DATA UNDER STUDY →
Content starts
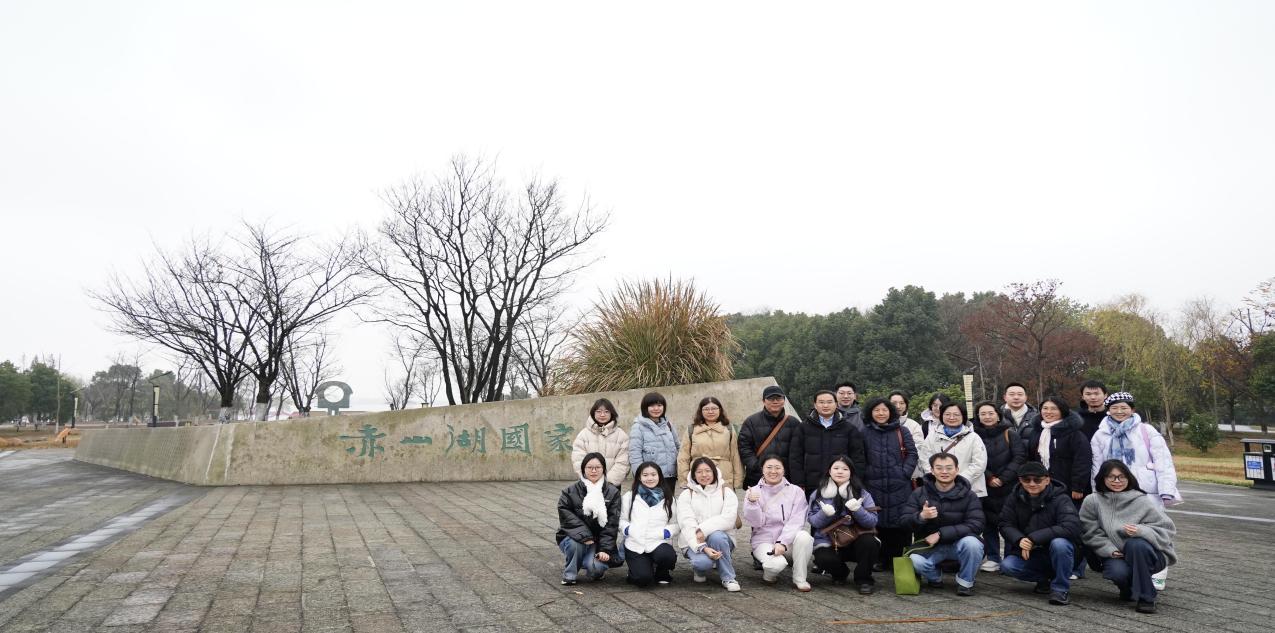 现场教学第一站来到句容赤山湖湿地公园,这是江苏省首家国家级湿地公园,也是长三角地区重要的生态湿地。学员们沿着环湖绿道穿行,虽因天气原因未能看到东方白鹳、小天鹅等珍稀鸟类,但学员通过科普展板了解了退渔还湖、植被修复等生态治理技术,更用脚步丈量赤山湖,近距离看到湖荡、沼泽、森林交织的生态体系,体会习近平生态文明思想的实践内涵。生态文明建设不是抽象概念,而是体现在清淤治污、栖息地保护等具体行动中,全体学员坚定了要把赤山湖成功经验转化为工作实际的信心,努力推动形成人与自然和谐共生的发展格局。
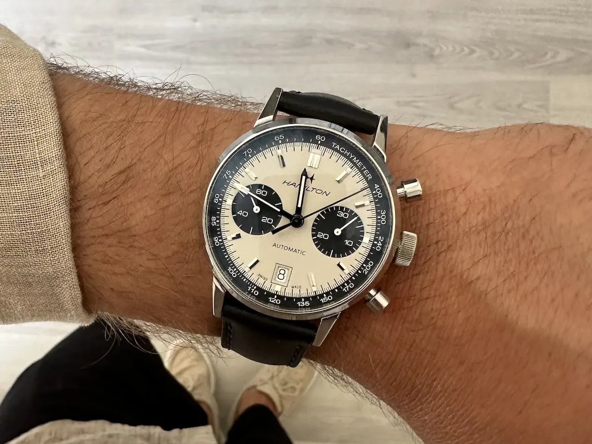 Il suo distintivo quadrante Panda non è solo un richiamo visivo, ma anche un esempio di maestria orologiera, rendendo l’orologio una scelta ideale per l’uso quotidiano tra i collezionisti (ed io lo indosso almeno una volta alla settimana). Con una cassa in acciaio inossidabile di 40 mm di diametro, l’orologio racchiude il calibro Hamilton H-31. Questo movimento cronografico, che trae origine dall’affermato ETA 7753, vanta una riserva di carica di 60 ore e opera ad una frequenza di 28.800 alternanze orarie, garantendo precisione e affidabilità. Il design, chiaramente ispirato alle estetiche vintage, eleva l’Hamilton Intra-Matic a nuove vette nel panorama dei cronografi automatici. I sottoregistri neri, proporzionati e armonicamente distribuiti, non ostacolano la lettura del quadrante, e la tonalità leggermente avorio del quadrante ne esalta la presenza. Immaginate di avere questo pezzo d’arte avvolto attorno al vostro polso – una visione che sicuramente molti desiderano rendere realtà. Consiglio in alternativa, sopratutto per gli appassionati, la versione Intra-Matic H Mechanical, con movimento meccanico a carica manuale (qui per leggere la recensione completa).
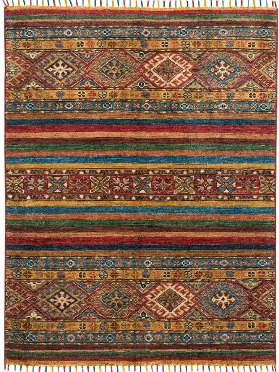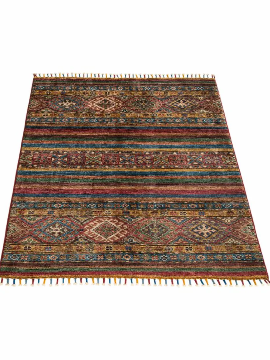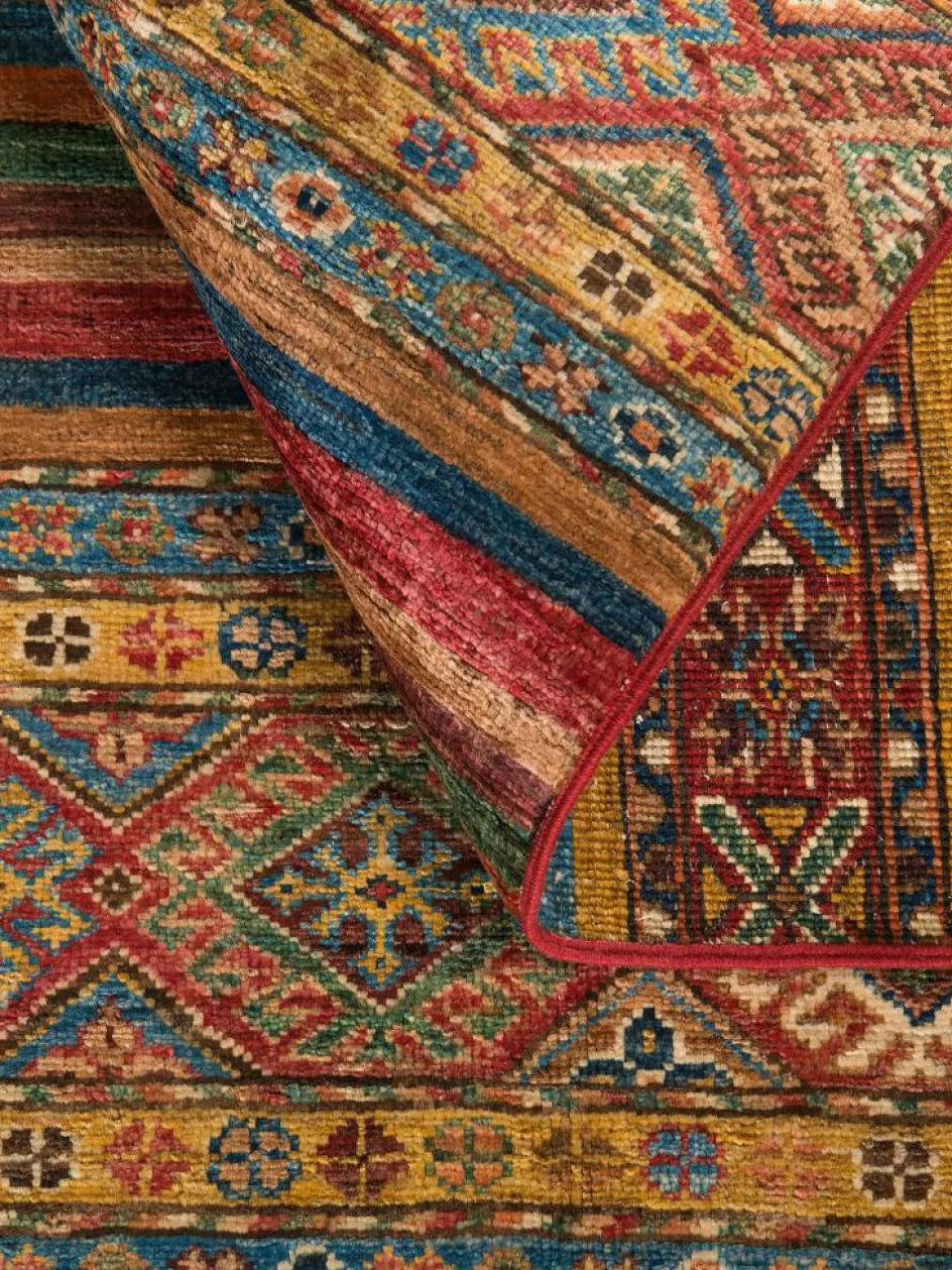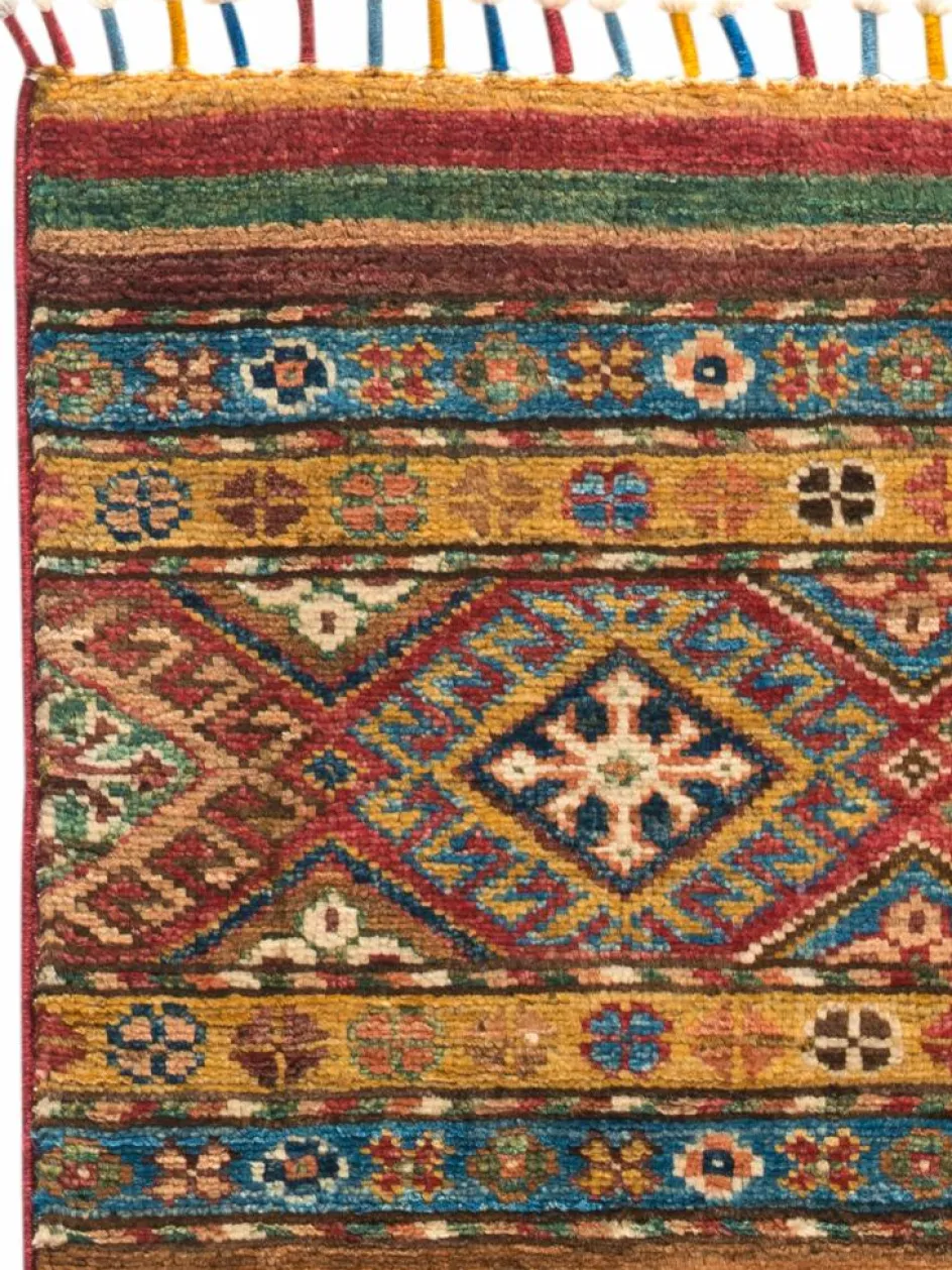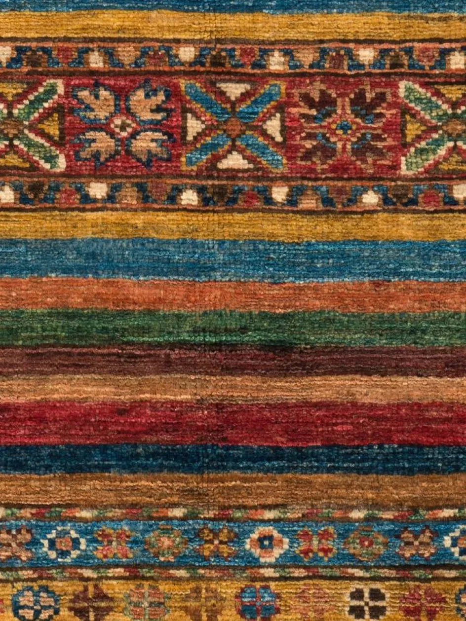 -Muster sind bunte Längsstreifen mit vielen verschiedenen Motiven gefüllt. Durch den flachen und festen Flor ist der Teppich unempfindlich gegenüber den Belastungen des Alltags.- Das Besondere an diesemOrientteppich
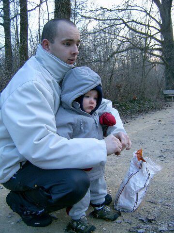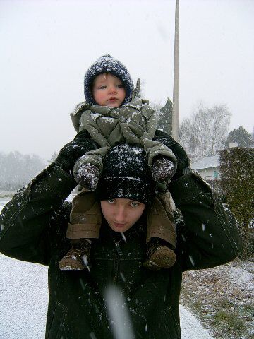 We blijven wandelen om de koude te verdrijven. Siebe vindt dat super. Al houden zijn kleine beentjes het nooit lang vol. Dan zijn papa's schouders zeker handig als "draagmiddel".
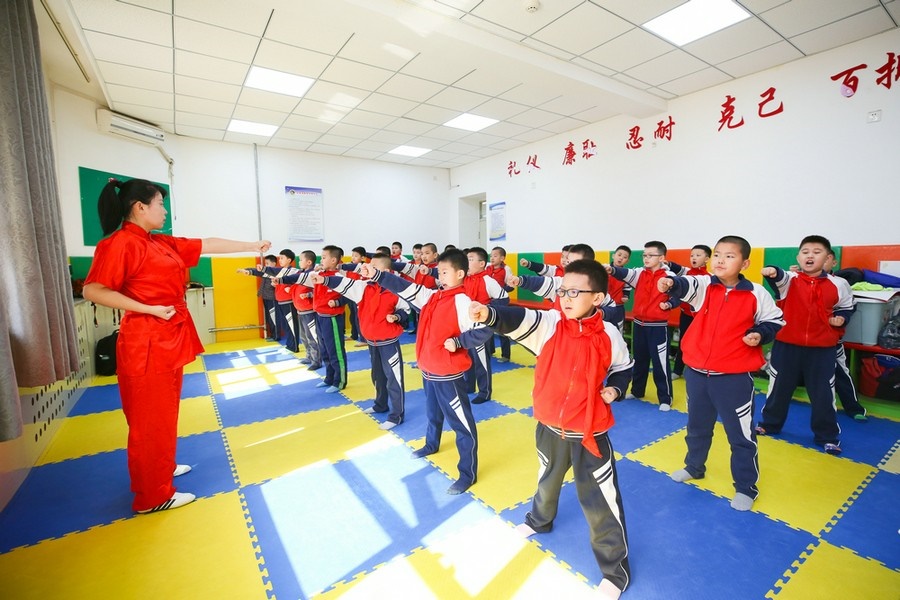 夏艷老師正在教同學們練習武術(shù)基本功 彭瑞誠 攝影
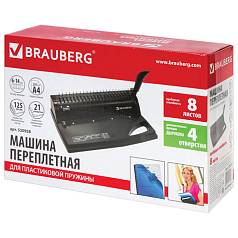 Переплетная машина для пластиковой пружины BRAUBERG B8, пробивает до 8 листов, сшивает до 125 листов, 530958
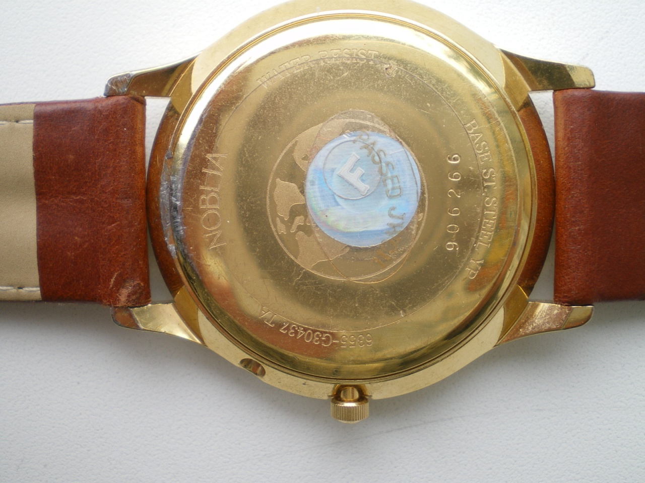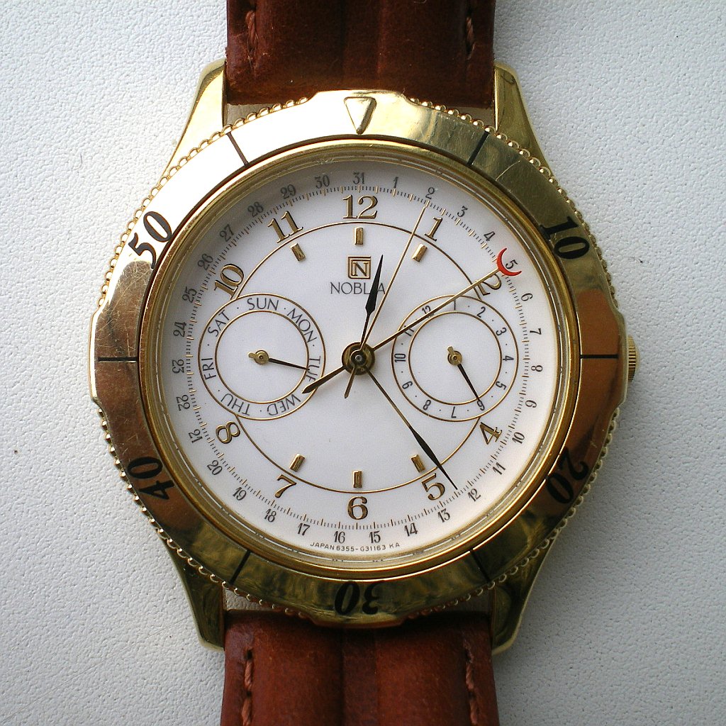 Часы, естественно, не новые. Торговая марка Noblia была зарегистрирована в США с 1985 по 2005 годы, а более или менее активно использовалась примерно до 1998-го. Серийный номер часов состоит из 6 цифр, что означает год выпуска после 1987-го. Поскольку его первая цифра - девятка, это должен быть 1989-й год. Если это правда, то часы очень неплохо сохранились для своего более чем 20-летнего возраста. Самая пострадавшая от времени часть - верхняя поверхность безеля, которую, похоже, часто вращали шершавыми пальцами, в результате чего она довольно густо покрыта царапинами, хотя и мелкими. Стекло в гораздо лучшем состоянии: следы эксплуатации есть, конечно, и на нем, но чтобы их увидеть, приходится сильно щуриться (или надевать лупу часовщика) и долго искать подходящие углы падения/отражения света. Корпус практически свободен от царапин, а на задней крышке до сих пор сохранилась заводская пленка. Точность хода - обычная для кварцевых часов, уходят вперед примерно на 8-10 секунд в месяц. Предыдущий владелец как-то мельком обмолвился о проблемах с переводом даты, которые у него возникали пару раз, но я ничего криминального в этом смысле пока не наблюдал: ежедневно указатель начинает перемещаться примерно в 23:15 и в течение часа ползет до отметки следующей даты. Дни недели и месяц также переходят без проблем.
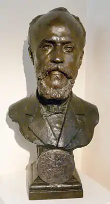 Buste de Jean-Léon Gérôme polychromant une Tanagra | Léopold Bernstamm | 1897 | Bronze patiné brun, fonte Siot-Decauville | h. 76 cm | Dépôt de l’État en 1949 | Salle Gérôme | [1],[12] |
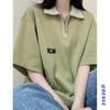 Camiseta de manga corta estilo academia de colores contrastantes 2024, estilo polo, informal, holgada, para mujer, para verano, para parejas.
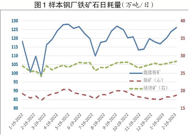 在2023年1月份的強預(yù)期下,高爐進入復(fù)產(chǎn)期,日耗量逐漸升高;至2023年2月下旬時,全國樣本鋼廠的燒結(jié)粉礦、塊礦和球團礦日耗量共達到173.26萬噸,同比增加近20萬噸,增幅12.0%,已趨近于2022年峰值。
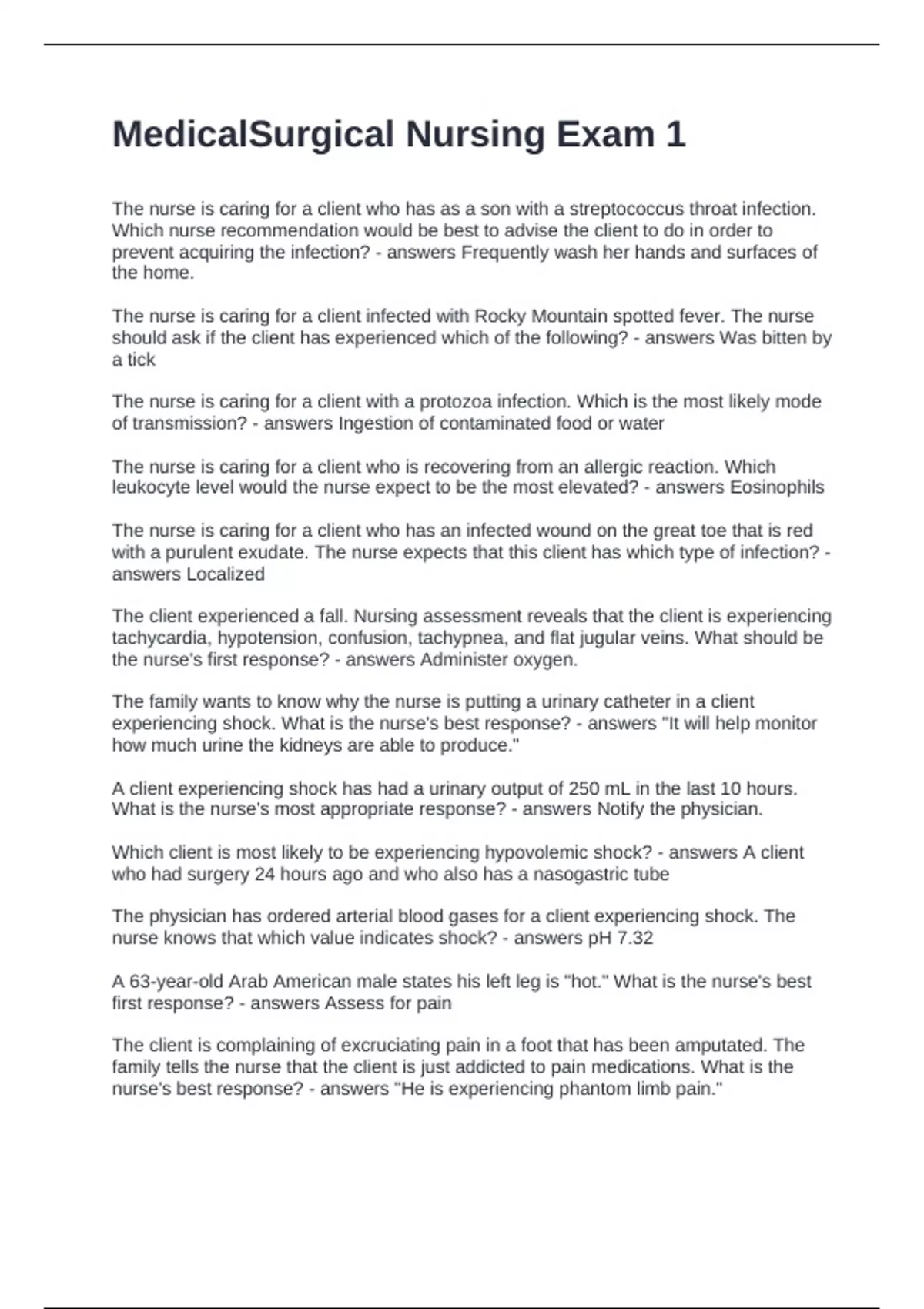 MedicalSurgical Nursing Exam 1
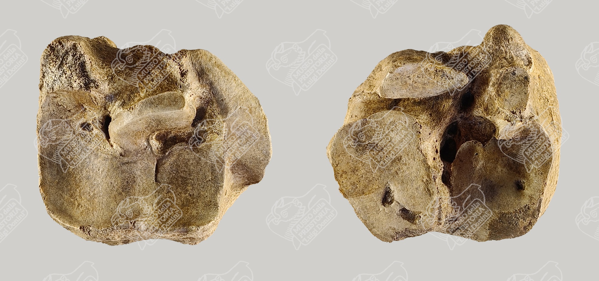 Tarsale centrale di Bisonte delle steppe in norma dorsale (sinistra) e in norma palmare (destra)
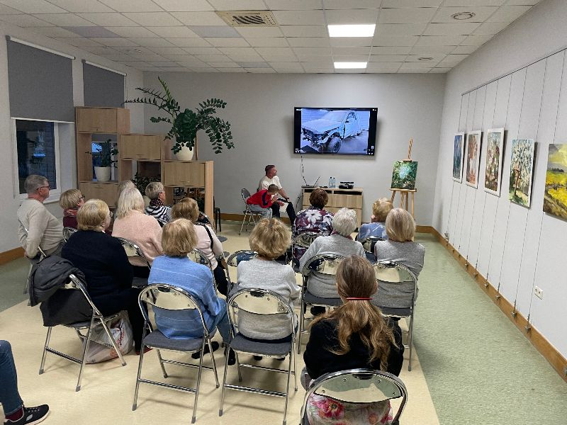 <- AtpakaļTikšanās ar Ivaru Cīruli Dobeles novada Centrālajā bibliotēkā 23. oktobrī Dobeles novada Centrālajā bibliotēkā viesojās ceļotājs, sportists, raidījuma Ceļot bez robežām veidotājs un bijušais pasaules čempions spēka trīscīņā Ivars Cīrulis, kurš dalījās savos dzīves un ceļojumu piedzīvojumos. Ivars stāstīja par savu sportista karjeru - 25 gadus sportā, ar stingru režīmu un treniņiem sporta zālē. Viņa talismans un līdzbraucējs daudzos ceļojumos ir dēls Rodrigo. Ceļot viņš sācis jau skolas gados, kad dejoja sporta dejas un piedalījās sacensībās. Pirmais ārzemju izbrauciens uz Itāliju, kurā devies kopā ar mammu, sniedzis lielu iedvesmu un mīlestību pret kalniem un Alpu ainavām. Viens no dzīves lūzuma brīžiem bijis konflikts ar treneri, kas novedis pie neplānota Eiropas ceļojuma un jauna dzīves redzējuma. Pēc atgriešanās sportā viņš kļuva par pasaules čempionu spēka sportā, piedzīvojis arī traumas un smagu atveseļošanos. Jauns dzīves posms sākās, kad Ivars pievērsās filmēšanai un rakstīšanai. Sadarbībā ar Re:TV tapušas raidījumu sērijas Ceļot bez robežām un Gatavo ar smaidu. Lai gan pirmo sēriju veidošana bijusi izaicinoša, šodien viņš filmēšanas procesu sauc par iedvesmojošu piedzīvojumu. Pirms 14 gadiem viņš izveidoja žurnālu, kur apguva blogu rakstīšanas un veidošanas pamatus. Tagad Ivars plāno uzrakstīt grāmatu, sadarbojoties ar skolotāju, kas palīdz valodas pilnveidē. Ivara ceļojumu pieredze ir plaša - viņš pabijis Rumānijā, Bulgārijā, Turcijā, Albānijā, Šrilankā, Seišelās un citviet. No piedzīvojumiem spilgti atmiņā palicis gadījums Serbijas cietumā, kad ceļojuma laikā ar draugu negaidīti tikuši aizturēti. Palīgā toreiz nācis draugs, bijušais sportists Viktors Ščerbatihs. Ivars atzina, ka ceļošana viņam ir dzīvesveids - ceļoju no viena piedzīvojuma uz nākamo, tomēr visvairāk viņš novērtē mieru mājās - zāles pļaušanu vai kādu citu dārza darbu. Viņa jaunākais projekts ir ceļojumu sērija par Albāniju, kas skatītājiem būs redzama jau nākamgad janvārī. Tikšanās noritēja siltā un iedvesmojošā atmosfērā, kur klausītāji ar interesi sekoja līdzi Ivara stāstiem par piedzīvoto. Saruna raisījās brīvi un dzīvi, ļaujot sajust gan ceļojumu garu, gan cilvēka spēku un neatlaidību. Ar Ivaru Cīruli tiekamies bieži arī kadru otrajā pusē, viņa veidotajos raidījumos, bet šī tikšanās klātienē bibliotēkā bija īpaša iespēja iepazīt viņu kā cilvēku aiz kamerām - sirsnīgu, atklātu un iedvesmojošu personību.
Content ends
Above are the records; return the lines in them from the one with "夏艷老師正在教同學們練習武術(shù)基本功 彭瑞誠 攝影" to the one with "Переплетная машина для", inclusive, exactly and without images.

TASK OUTPUT →
 夏艷老師正在教同學們練習武術(shù)基本功 彭瑞誠 攝影
 Переплетная машина для пластиковой пружины BRAUBERG B8, пробивает до 8 листов, сшивает до 125 листов, 530958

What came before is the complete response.